Directions for this task:
Repeat the lines from the one containing "Залита отмостка, дорожка" through the last line of the data, exactly, pictures omitted.
---------- Data section
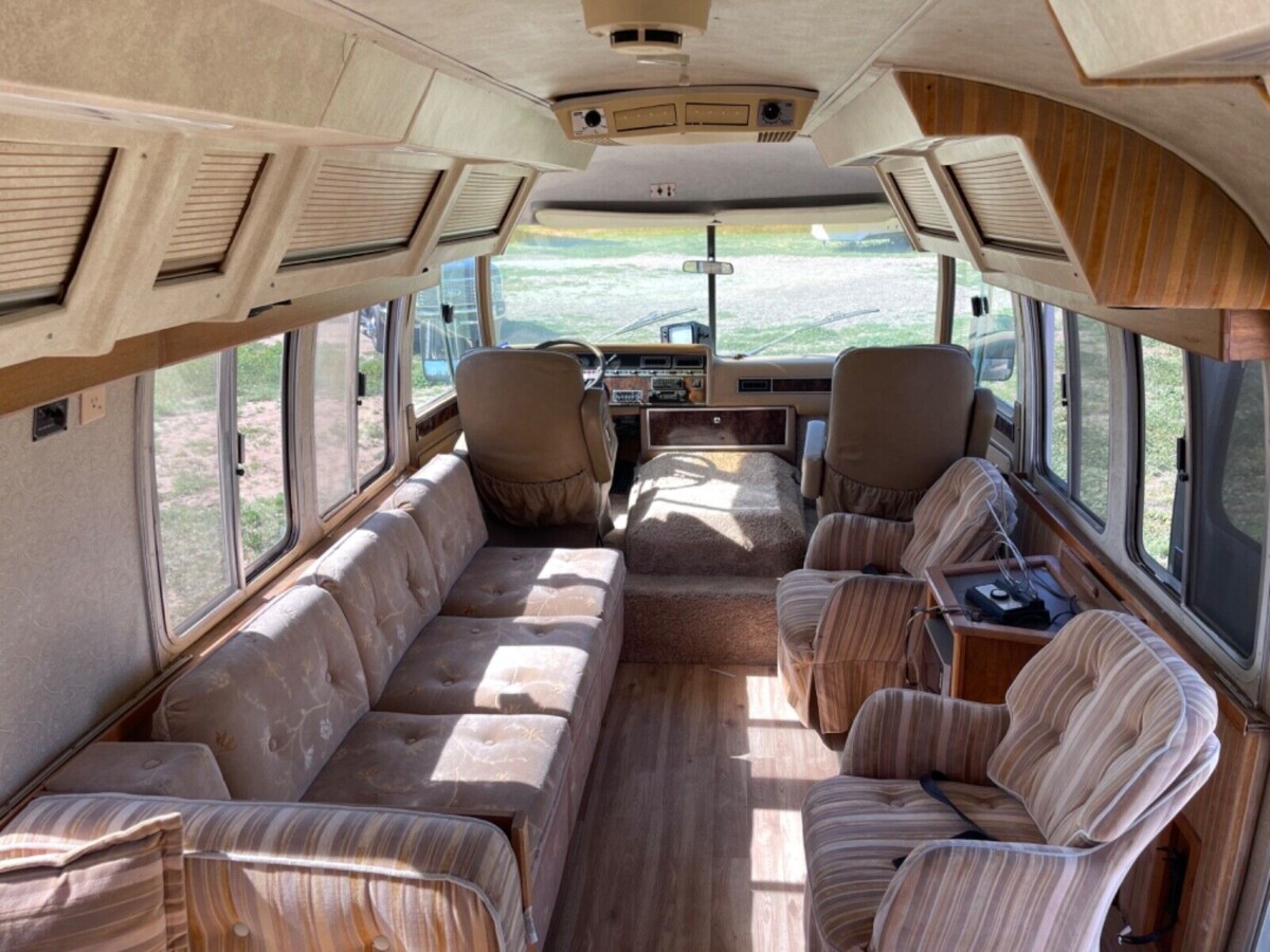 The design is surprisingly stylish, especially when you look at the rear end treatment. I’ve always loved this model with its gigantic wraparound rear glass sections, which creates a living room-like experience at the back of the motorhome. The listing notes the windows in this case are plexiglass, which make me wonder if the original glass panels were previously replaced. The bodywork appears to be in good condition overall, and even with its years of sitting outside, I don’t see too much evidence of sun damage. Mileage is said to be sitting at 14,000.
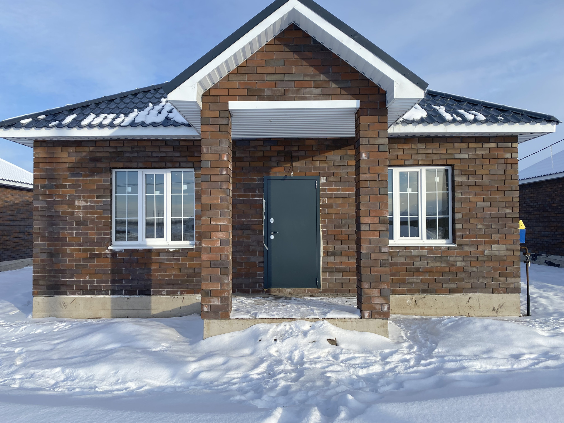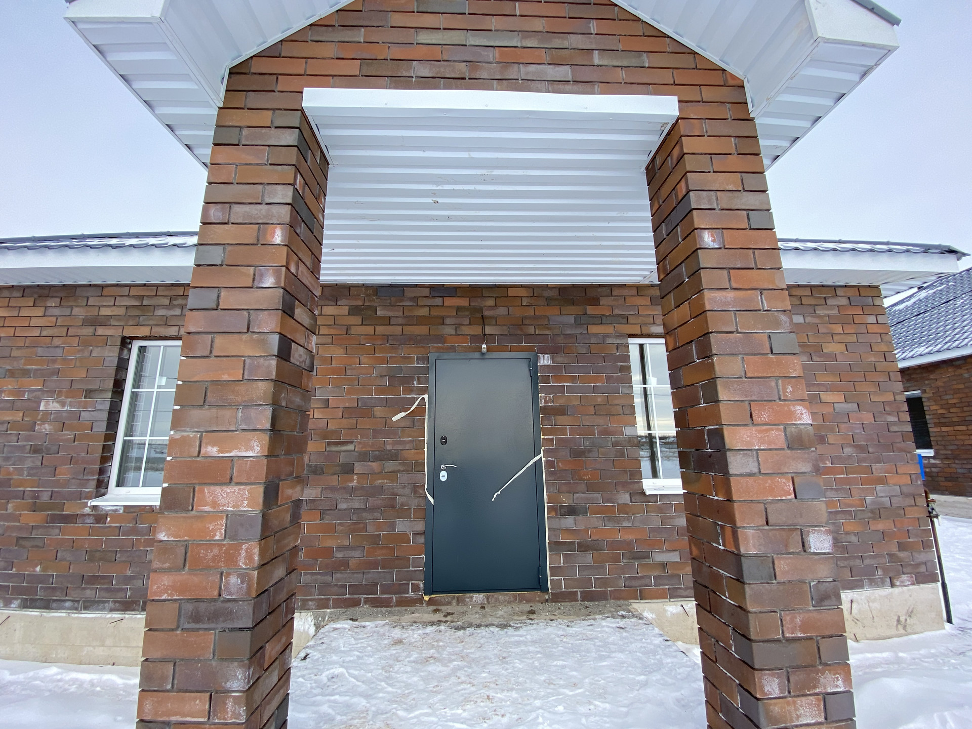 Залита отмостка, дорожка до калитки. В стоимость дома входит оборудованное крыльцо+навес.
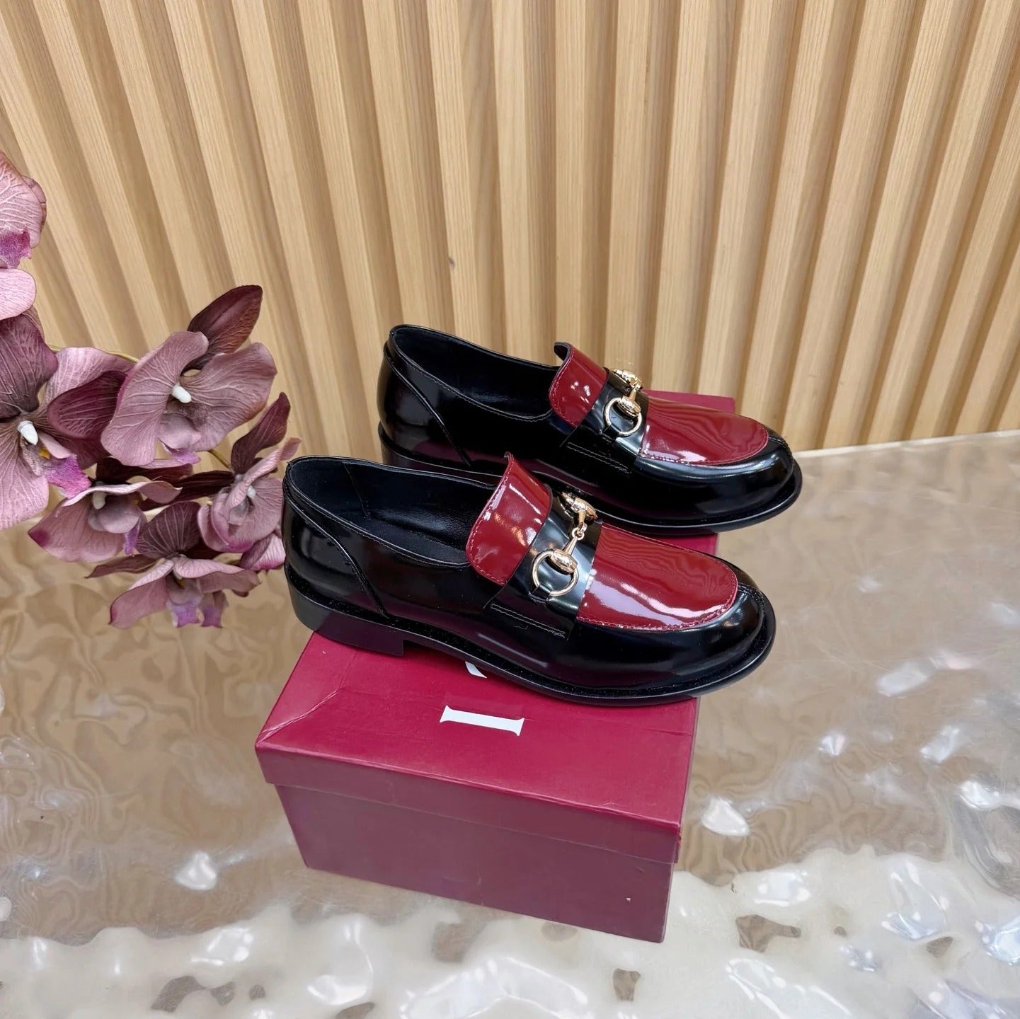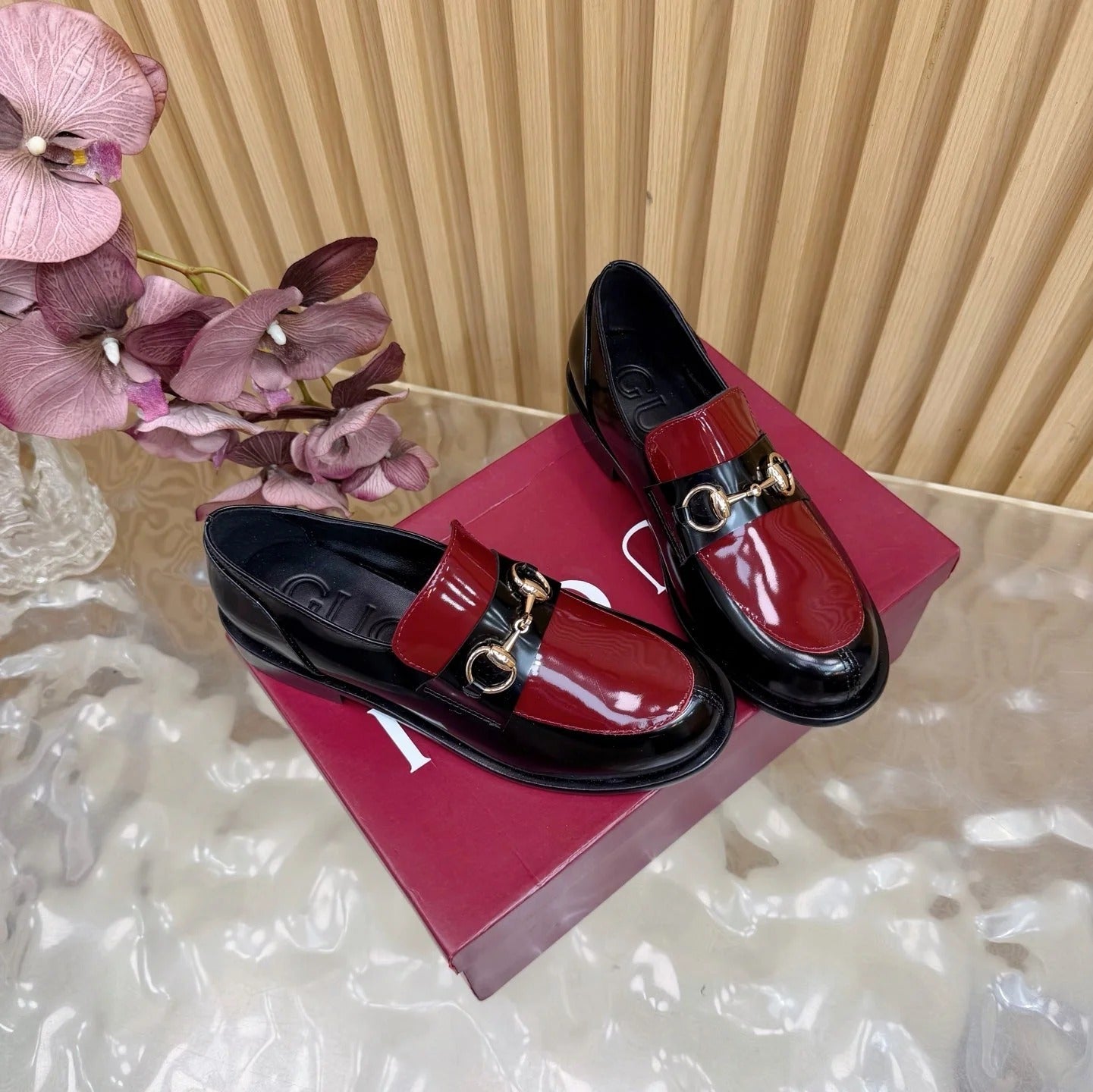 GG 26 Horsebit Loafers Black Red Sheepskin 589464
--------------------
Task answer:
 Залита отмостка, дорожка до калитки. В стоимость дома входит оборудованное крыльцо+навес.
 GG 26 Horsebit Loafers Black Red Sheepskin 589464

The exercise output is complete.